Of course, the “snow” wasn’t snow at all — it was radioactive contamination. That day in March, a hundred miles away, the United States had just tested a thermonuclear weapon, one a thousand times more powerful than the nuclear bombs used in World War II. In fact, this weapon was the largest one ever detonated by the US, its explosive yield exceeding even the predictions of those who built it. The atmospheric test, dubbed “Castle Bravo,” vaporized more than 10 million tons of sand, coral, and water over the Marshall Islands, creating a 100-mile-wide fallout cloud raining radioactive debris on the islands’ people, flora, and fauna.
Realizing the risk of severe harm to local inhabitants, the U.S. Navy evacuated residents of Rongelap, the worst-impacted area, to a neighboring island for emergency medical treatment — three days later. By then, radiation had long enveloped their communities, polluted their waters, and seeped into their bodies. After three years of treatment and refuge, with reassurance that radiation levels had become harmless, American troops sent the Marshallese victims back to their homes. Families returned in cheerful relief, believing the worst of their troubles were finally behind them. In reality: Rongelap was still dangerously contaminated, and the American authorities knew it.

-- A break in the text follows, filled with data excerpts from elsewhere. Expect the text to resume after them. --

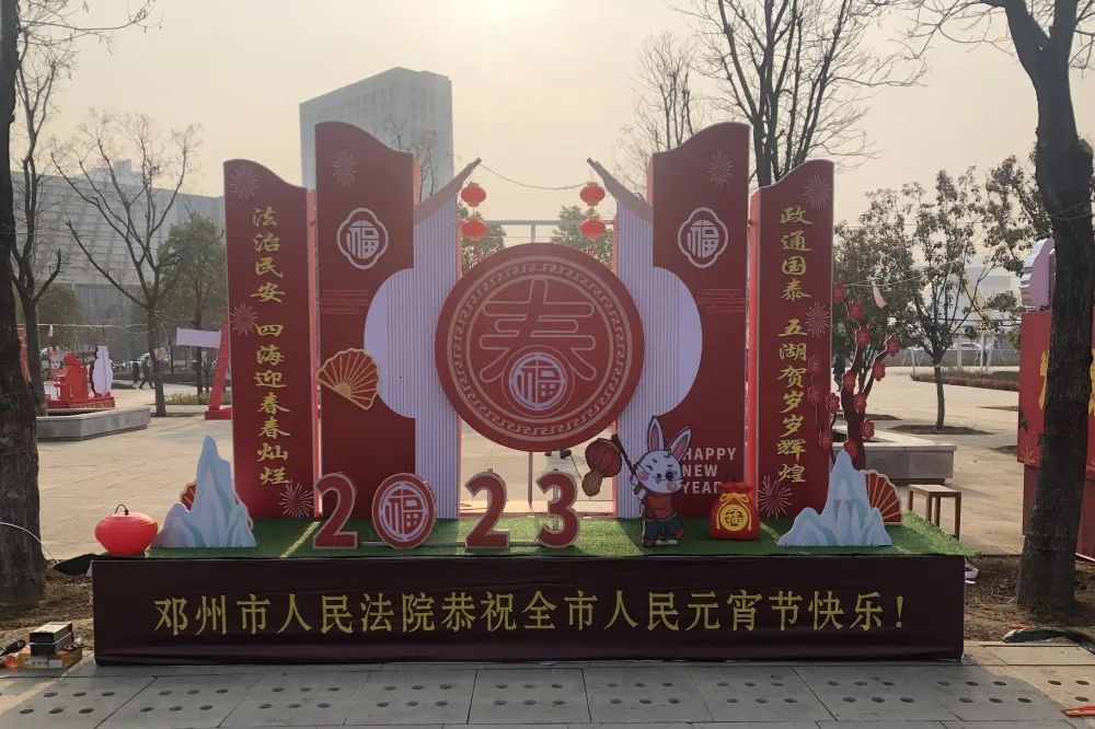 火树银花元夕夜, 流光溢彩观花灯。2月5日清晨,在湍北市民广场即将举办的邓州市2023年元宵节灯会活动中,邓州365bet官网888_365bet官方下载_365赢30万不让提款精心制作并安装了大型花灯一盏,红红火火的花灯上写着:“法治民安,四海迎春春灿烂;政通国泰,五湖贺岁岁辉煌”,既营造出了浓厚的节日氛围,又表达了对法治中国的美好愿景,欢迎广大群众届时游玩参观!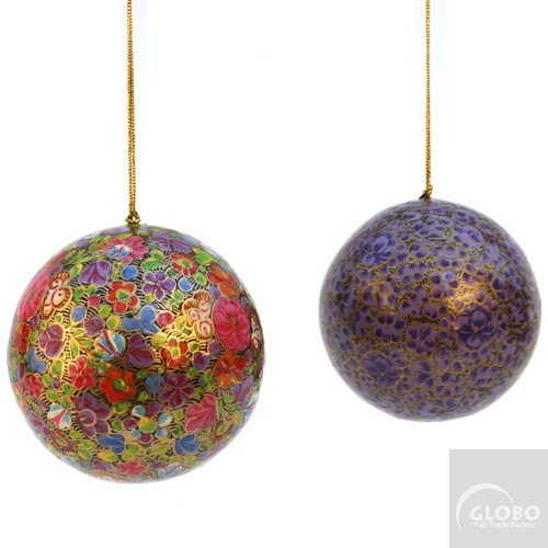 PAK-009 Kugel aus Pappmaché zum Aufhängen, buntbemalt Ø ca. 9cm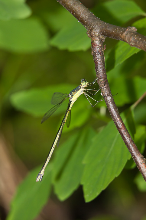 | The female Elegant Spreadwing in the next two shots was along Plum Creek near Sayner, Vilas Co., Wisconsin, in July, 2011. These shots were taken with a Canon EOS 1D Mark IV and a Sigma 50-500mm lens and Canon 580 flash. |
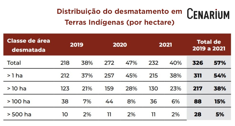 Das 25 TIs presentes na tabela, 11 tiveram desmatamento acima de 500 hectares no último ano (o que equivale a 2%). Entre os anos de 2019 e 2021, houve crescimento da degradação em todas as categorias fundiárias, exceto em Terras Indígenas (TIs).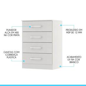 Você merece o melhor quando se trata de móveis para sua casa e a escolha certa para atender todas as suas necessidades. Com um design atual, une versatilidade, conforto e beleza. Com quatro gavetas, você terá muito espaço para manter tudo organizado e ao alcance das mãos. Produzida com materiais de excelente qualidade, garantindo a sua resistência ao desgaste diário e mantendo sua beleza e funcionalidade por muito tempo. O melhor em móveis no design atual aliando conforto, qualidade e ótimos preços, só na Menu Móveis!
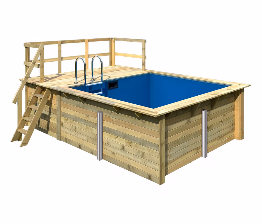 - Inkl. Edelstahl-Einstiesgleiter und Holz-Außenleiter

Repatriating the Marshallese people to the still-irradiated Rongelap turned out to be a deliberate move as part of Project 4.1, a government directive designed to study the long-term effects of radiation on human beings. Despite U.S. officials neither seeking nor obtaining Marshallese consent for serving as subjects in such an experiment, internal communications reveal the United States believed there was an “ethical imperative to take advantage of the unique opportunity” presented by the fallout from Castle Bravo.
Over the next several years, American scientists visited the islands regularly to study the impact of chronic radiation: drawing blood, photographing burns, cataloging lesions, and documenting miscarriages and birth defects. Children were assessed for growth delays and congenital anomalies; adults were monitored for thyroid abnormalities, cancers, and reproductive issues. Data collection often included invasive procedures, such as removing teeth or tissue, without affording victims a clear explanation due to language and communication barriers. These studies formed the basis of Project 4.1’s official reports on health effects of fallout exposure while leaving the Marshallese in a radioactive wasteland.
Under the guise of scientific research, the U.S. intentionally repatriated innocent and uninformed families to a region they privately called “the most contaminated place in the world.” The Marshallese, meanwhile, had no idea they’d been sentenced to generations of displacement, disease, and death.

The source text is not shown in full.